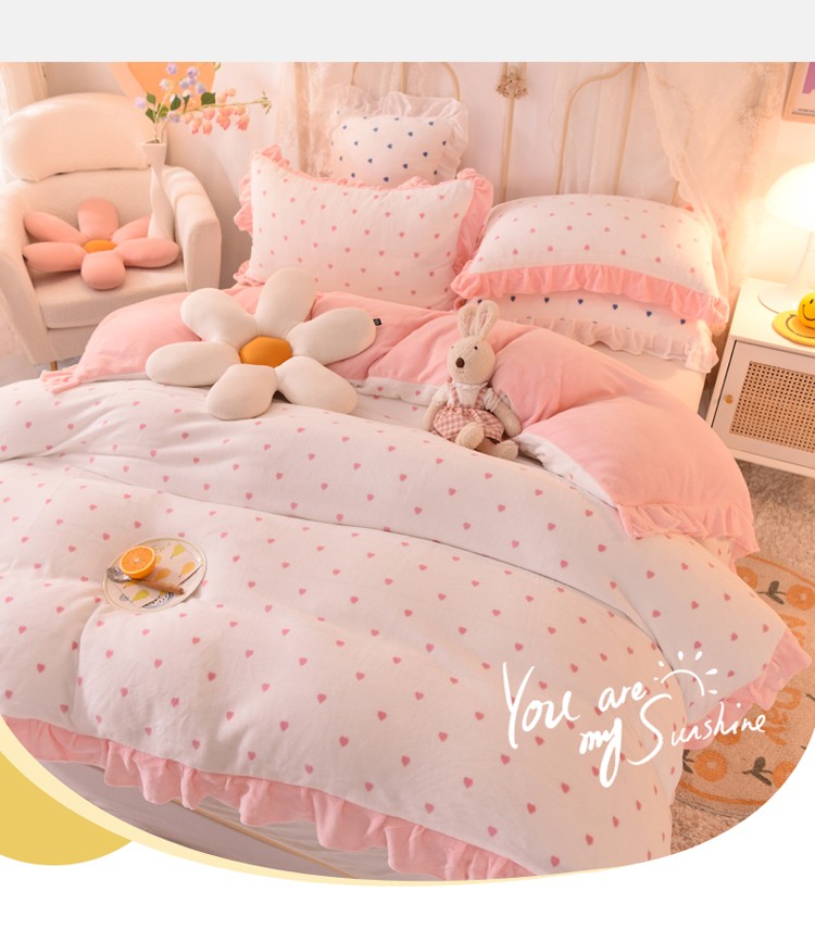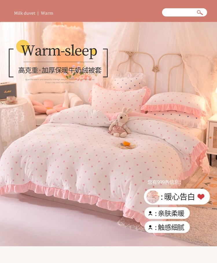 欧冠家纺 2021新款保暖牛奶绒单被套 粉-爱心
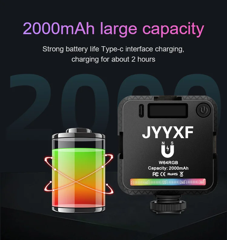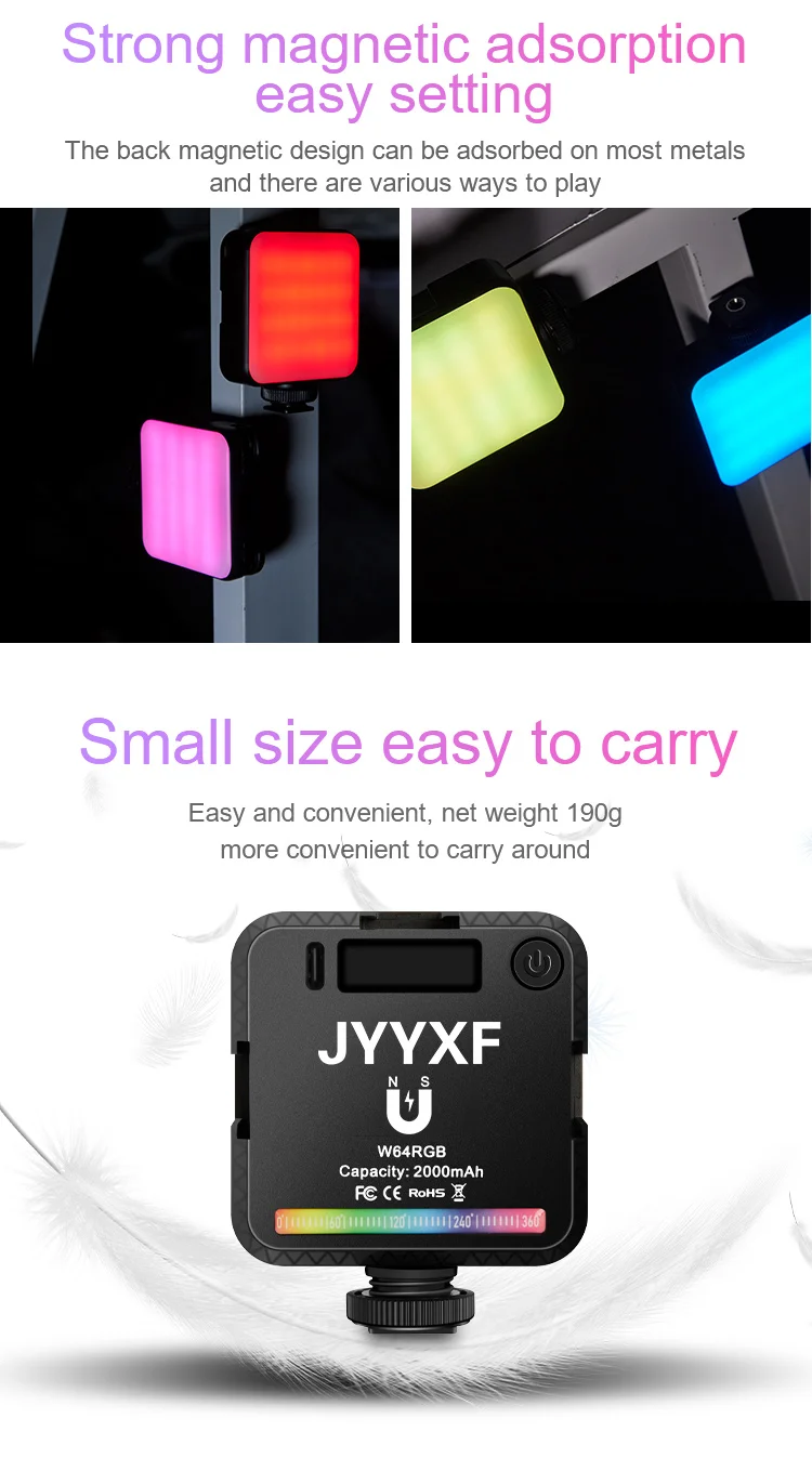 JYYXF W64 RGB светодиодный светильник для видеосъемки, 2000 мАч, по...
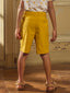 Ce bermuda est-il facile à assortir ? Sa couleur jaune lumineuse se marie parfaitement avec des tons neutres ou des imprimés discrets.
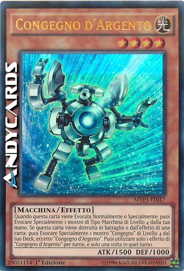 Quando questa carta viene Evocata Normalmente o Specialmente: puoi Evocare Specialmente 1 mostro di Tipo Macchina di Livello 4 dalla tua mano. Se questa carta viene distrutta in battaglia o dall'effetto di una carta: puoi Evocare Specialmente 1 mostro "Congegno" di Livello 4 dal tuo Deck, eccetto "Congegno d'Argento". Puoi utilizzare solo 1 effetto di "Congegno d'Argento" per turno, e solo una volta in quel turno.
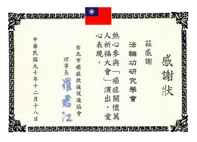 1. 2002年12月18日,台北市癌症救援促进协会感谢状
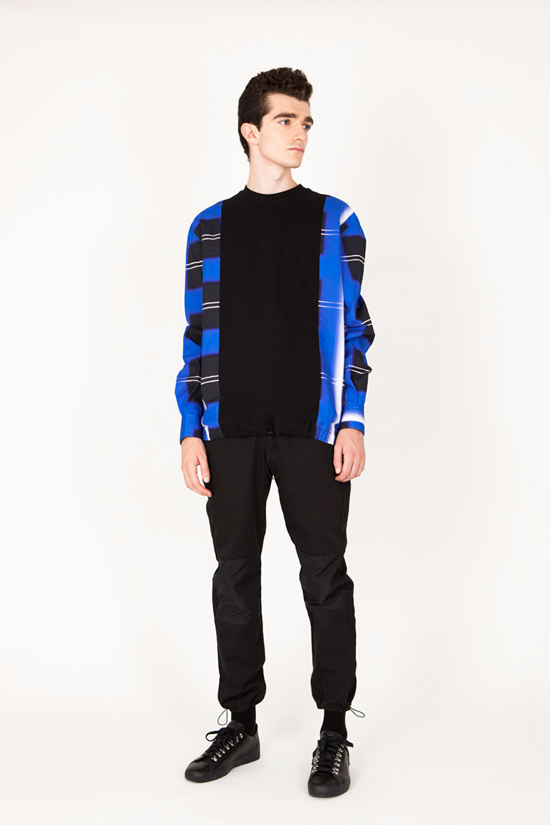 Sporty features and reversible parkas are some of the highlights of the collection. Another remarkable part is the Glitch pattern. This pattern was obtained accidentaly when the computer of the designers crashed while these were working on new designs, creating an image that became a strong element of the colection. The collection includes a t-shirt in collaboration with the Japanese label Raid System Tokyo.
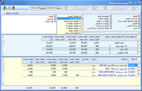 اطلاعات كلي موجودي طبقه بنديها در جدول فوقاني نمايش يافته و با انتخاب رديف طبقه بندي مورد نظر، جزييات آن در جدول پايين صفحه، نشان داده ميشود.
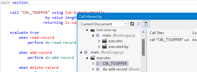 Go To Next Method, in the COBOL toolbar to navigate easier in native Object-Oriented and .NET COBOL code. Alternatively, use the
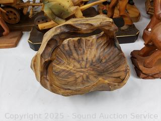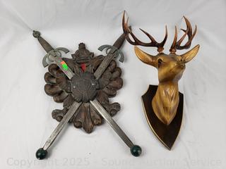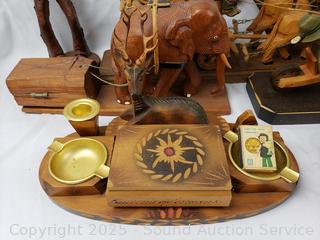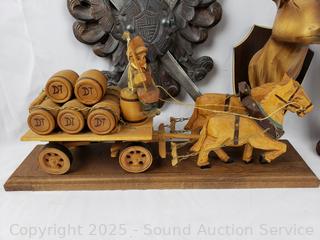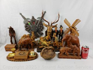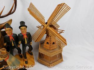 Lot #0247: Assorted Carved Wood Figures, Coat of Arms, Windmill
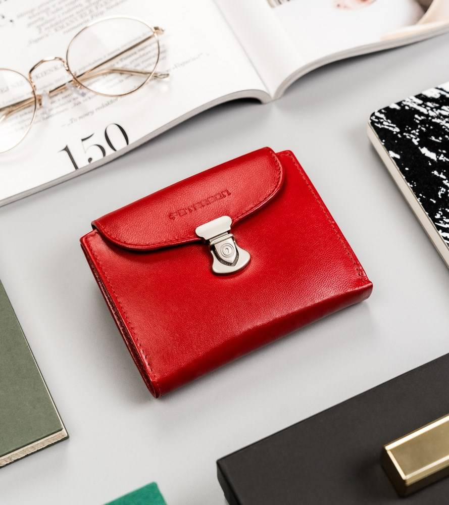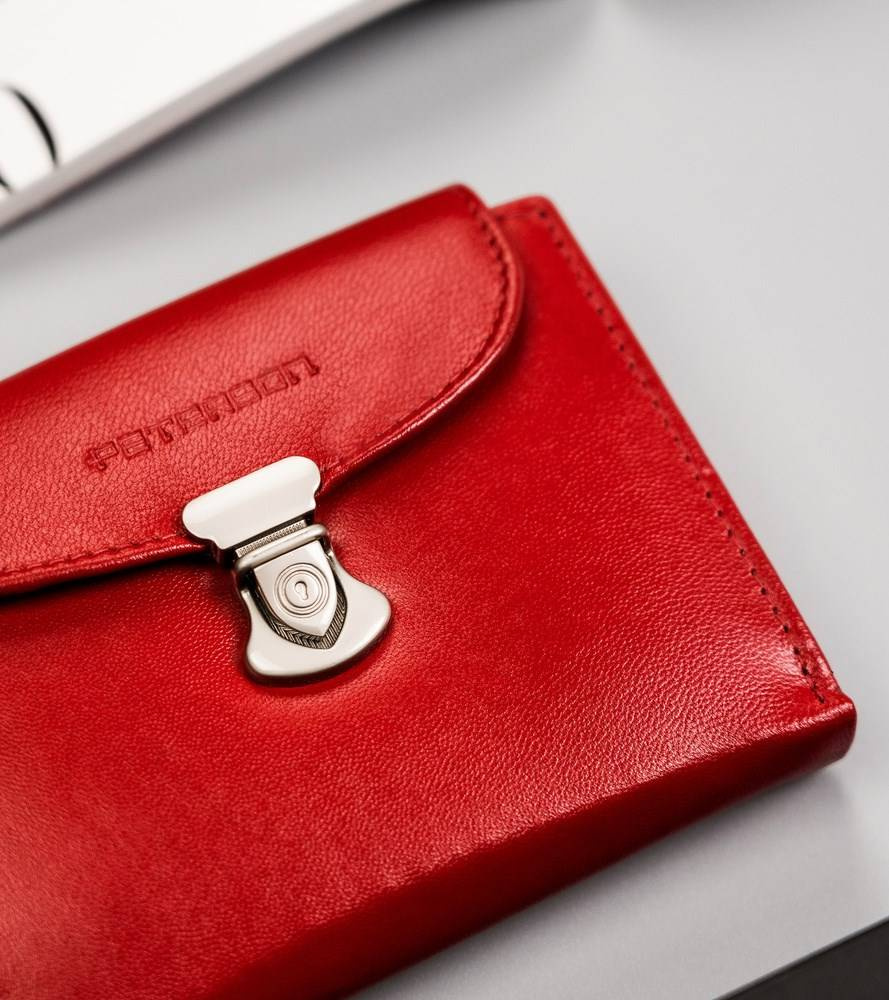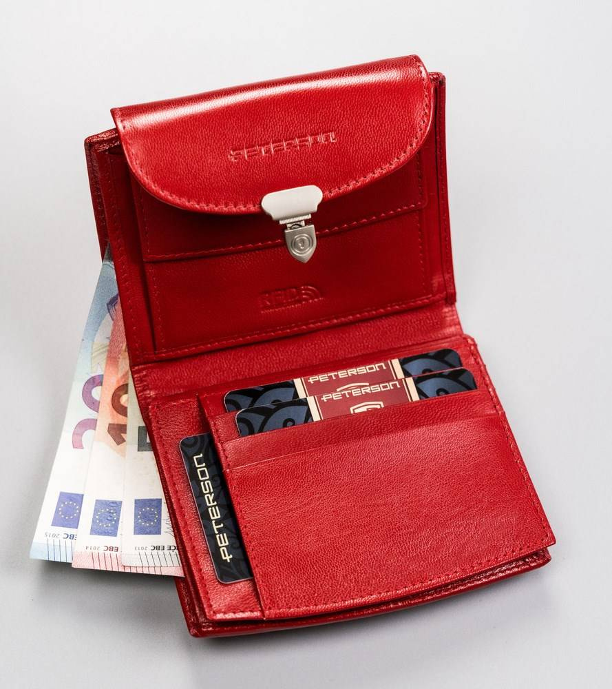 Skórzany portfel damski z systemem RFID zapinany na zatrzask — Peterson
= = = = =
● **WHAT IS EXPECTED**: With the pictures excluded, restate word for word each line from the one that contains "Lot #0247: Assorted" through the last line of the listing above.

● **ANSWER BOX**:
 Lot #0247: Assorted Carved Wood Figures, Coat of Arms, Windmill
 Skórzany portfel damski z systemem RFID zapinany na zatrzask — Peterson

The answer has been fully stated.